3.1 KiB
3.1 KiB
Reference Sequence Management
The refget module handles reference sequence retrieval and digest computation, following the refget protocol for sequence identification.
RefgetStore
RefgetStore manages reference sequences and their digests:
import gtars
# Create RefgetStore
store = gtars.RefgetStore()
# Add sequence
store.add_sequence("chr1", sequence_data)
# Retrieve sequence
seq = store.get_sequence("chr1")
# Get sequence digest
digest = store.get_digest("chr1")
Sequence Digests
Compute and verify sequence digests:
# Compute digest for sequence
from gtars.refget import compute_digest
digest = compute_digest(sequence_data)
# Verify digest matches
is_valid = store.verify_digest("chr1", expected_digest)
Integration with Reference Genomes
Work with standard reference genomes:
# Load reference genome
store = gtars.RefgetStore.from_fasta("hg38.fa")

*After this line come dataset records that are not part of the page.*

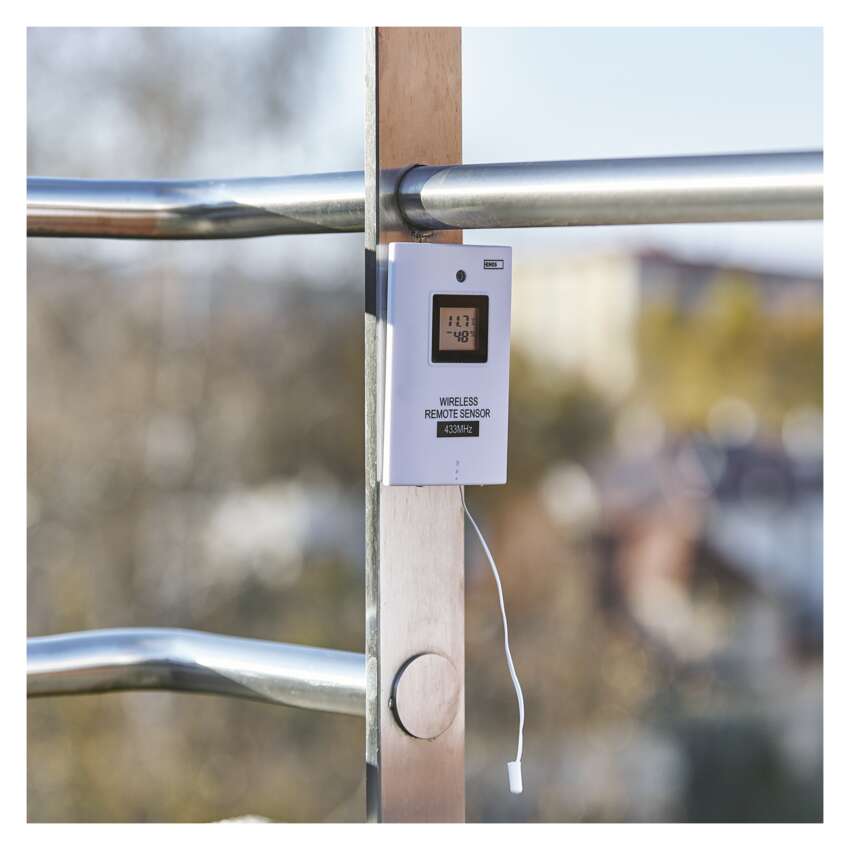 A szükséges értékeket egy érzékelő szolgáltatja, amelynek hatótávolsága legfeljebb 50 méter. Összesen legfeljebb 3 érzékelő használható. Így áttekintheti a hőmérsékletet a különböző helyeken, például a pincében, a télikertben, a padláson stb. Van egy barométer is, amely a légnyomásról szolgáltat adatokat.
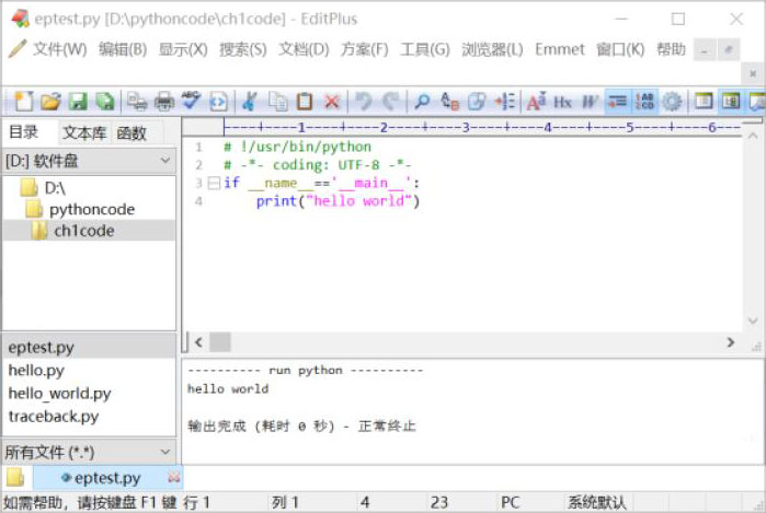 图1-25 EditPlus运行Python程序
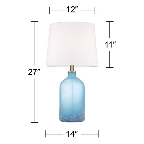 Aston Coastal Contemporary Table Lamps 27″ Tall Set of 2 Frosted Sea Blue Glass Brushed Nickel White Drum Shade for Living Room Bedroom Beach House Bedside Nightstand Home – 360 Lighting
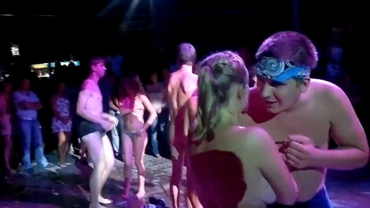 Секс оргия украинских студентов в ночном клубе Роза Ветров в Коблево. Девушки разделись с парнями под танцевальную музыку и занялись оральным сексом в позе 69. Главный приз - $25. В Николаевской области ведущий дискотеки уговорил посетителей раздеться и публично заняться сексом. На видео видно, как ведущий объявляет конкурс с призом в 200 гривен. Для получения этой суммы парам, находящимся на танцполе, сначала было предложено раздеться до трусов. Это условие выполнили три пары. Затем ведущий заявил, что надо раздеться полностью. На это согласились лишь две пары. После этого ведущий заявил, что для получения упомянутых 200 гривен участники должны заняться сексом в позе 69. Одна из пар согласилась, вручение приза на видео показано не было.
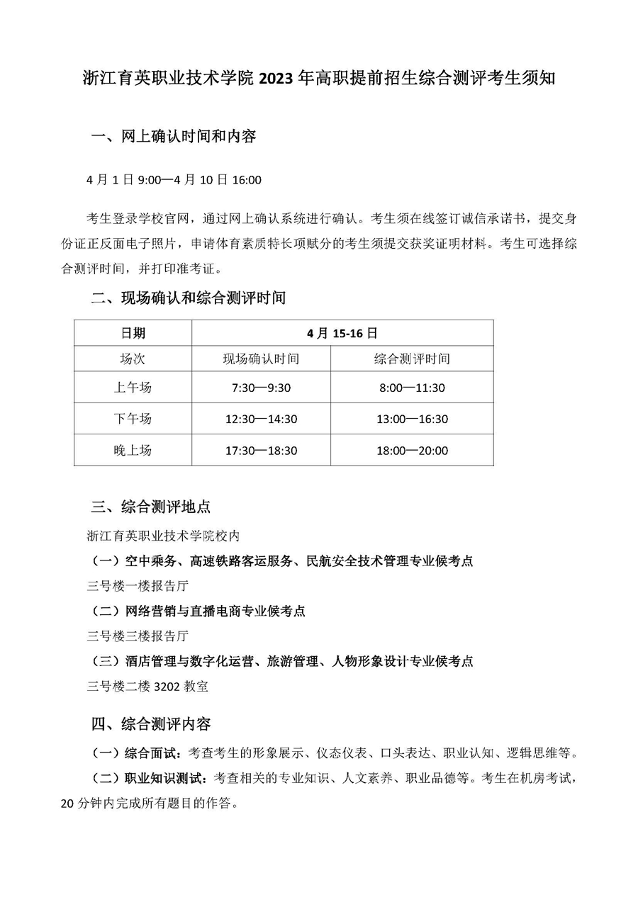 招生咨询 招生公告 报考指南 提前招生 历年分数 2025年招生专栏 录取查询 在线咨询 联系我们 地址:杭州市钱塘区4号大街16号 邮编:310018 电话:0571-86911032、86877189 报考指南 当前位置:首页 >> 招生咨询 >> 报考指南 浙江育英职业技术学院2023年高职提前招生综合测评考生须知 时间:2023-04-01
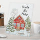 A charming Baby Shower design with festive winter background with fir trees and a red house! You can personalise this with your own details. A cute, lovely, winter design.
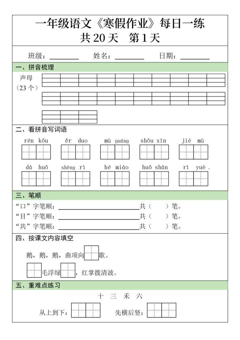 一年级上语文寒假作业每日一练(共20天)
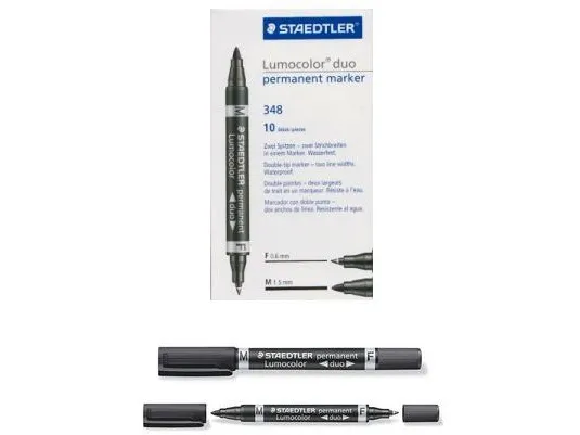 This is a marker featuring both a fine and wide tip - Lumocolor duo writes on each surface, permanent and without drying up. The marker can be left uncapped for days without drying up.
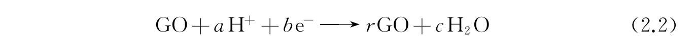 在氧化还原反应中,由于Ga具有较强的还原性 [71] ,液态金属提供了反应所需的电子。这也可以通过对酸性溶液中Ga和GO的循环伏安曲线的分析中得到。在GO的循环伏安曲线中,如图2-21所示,可以得到,在1.0 mol/L的HCl溶液中,GO的还原电位为-1.06V,并且从-0.6V开始,GO逐渐被还原。对于Ga,在1.0 mol/L的HCl溶液中,其循环伏安曲线出现三处氧化峰,分别依次对应Ga的3种不同价态,即Ga + 、Ga 2+ 和Ga 3+ 。循环伏安曲线的主要的氧化峰出现在0.82V,代表Ga 3+ 是Ga的稳定离子状态。因此,在Ga的氧化过程中释放出的电子可以传递至GO,进而发生式(2.2)中的氧化还原反应。也就是说,Ga在酸性条件下可以部分还原GO。另外,在电子传递过程中产生的局部电场将促进GO在液态金属纳米颗粒表面的自组装 [57] 。
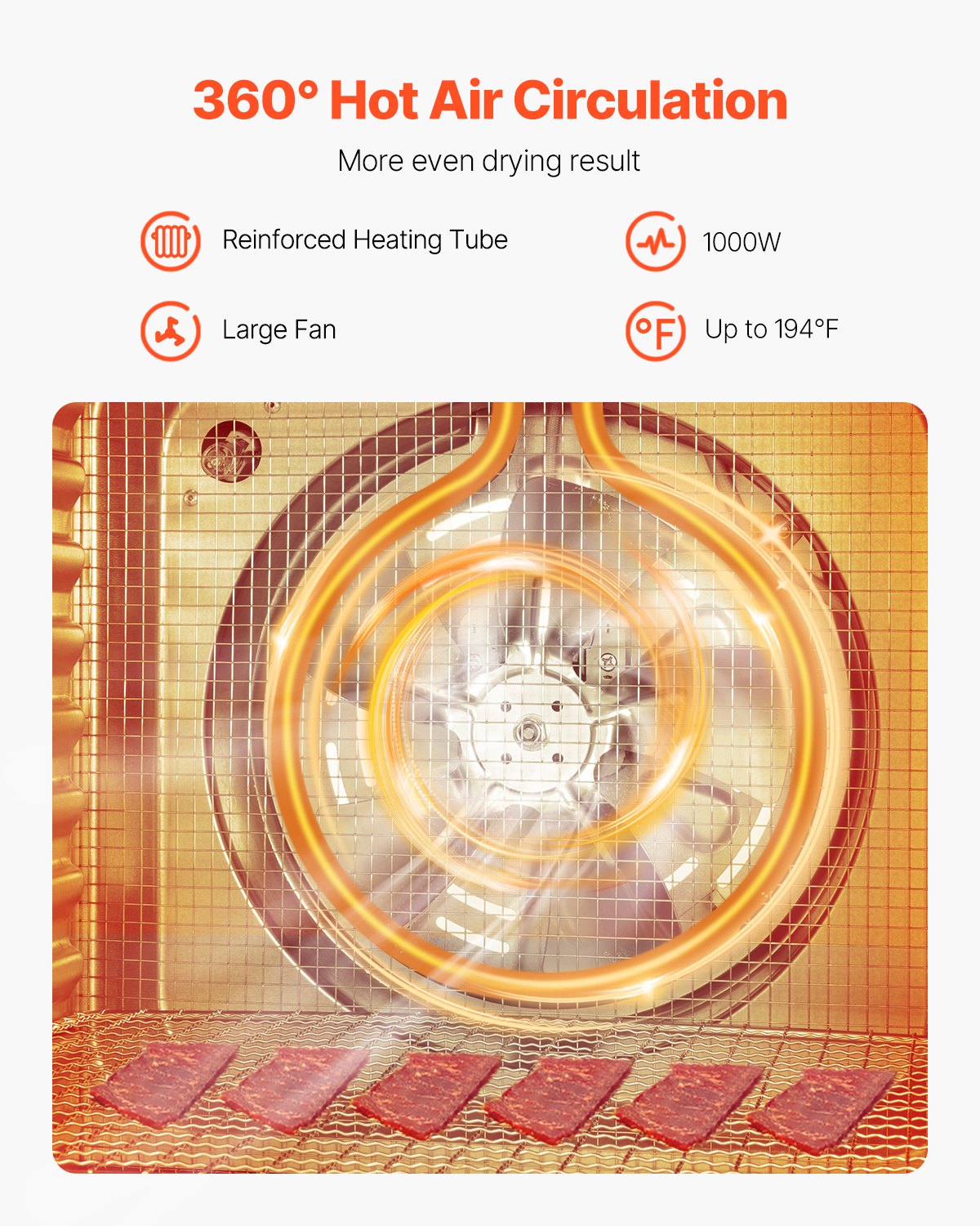 VEVOR dehidrator hrane, 10 ladica od nehrđajućeg čelika, električni dehidrator hrane od 1000 W s podesivom temperaturom, liofilizator za sušeno meso, voće, povrće, začinsko bilje, pseće poslastice
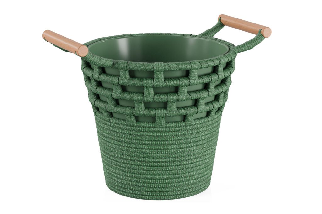Uma estrutura robusta de alumínio é revestida com corda náutica trançada à mão, com alças de madeira que adicionam um toque natural e acolhedor.
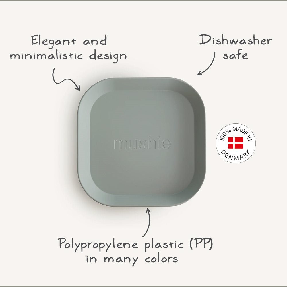 Нежни бои и едноставен но безбеден дизајн, овој сет за јадење вклучува две квадратни чинии. Направени во Данска од полипропиленска пластика без БПА, овие чинии се безбедни за вашите најмили и се лесни за одржување, со тоа што може да се перат во машина за садови и се безбедни за во микробранова.
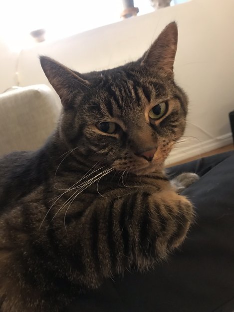 Ganske stor hannkatt, 5-6 kg. Har en hvit flekk midt på brystet.
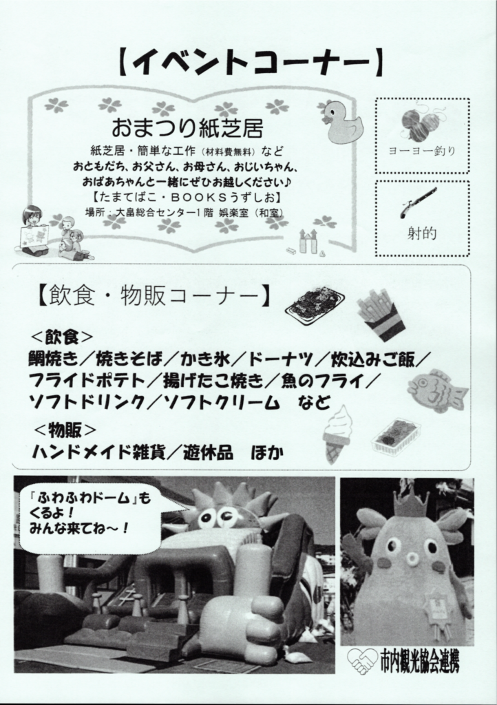 | 【飲食・物販コーナー】 〈飲食〉 鯛焼き/焼きそば/かき氷/ドーナツ/炊込みご飯/フライドポテト/揚げたこ焼き/魚のフライ/ソフトドリンク/ソフトクリーム など 〈物販〉 ハンドメイド雑貨/遊休品 ほか |

# Get chromosome sequences
chr1 = store.get_sequence("chr1")
chr2 = store.get_sequence("chr2")
# Get subsequence
region_seq = store.get_subsequence("chr1", 1000, 2000)
CLI Usage
Manage reference sequences from command line:
# Compute digest for FASTA file
gtars refget digest --input genome.fa --output digests.txt
# Verify sequence digest
gtars refget verify --sequence sequence.fa --digest expected_digest
Refget Protocol Compliance
The refget module follows the GA4GH refget protocol:
Digest Computation
Digests are computed using SHA-512 truncated to 48 bytes:
# Compute refget-compliant digest
digest = gtars.refget.compute_digest(sequence)
# Returns: "SQ.abc123..."
Sequence Retrieval
Retrieve sequences by digest:
# Get sequence by refget digest
seq = store.get_sequence_by_digest("SQ.abc123...")
Use Cases
Reference Validation
Verify reference genome integrity:
# Compute digests for reference
store = gtars.RefgetStore.from_fasta("reference.fa")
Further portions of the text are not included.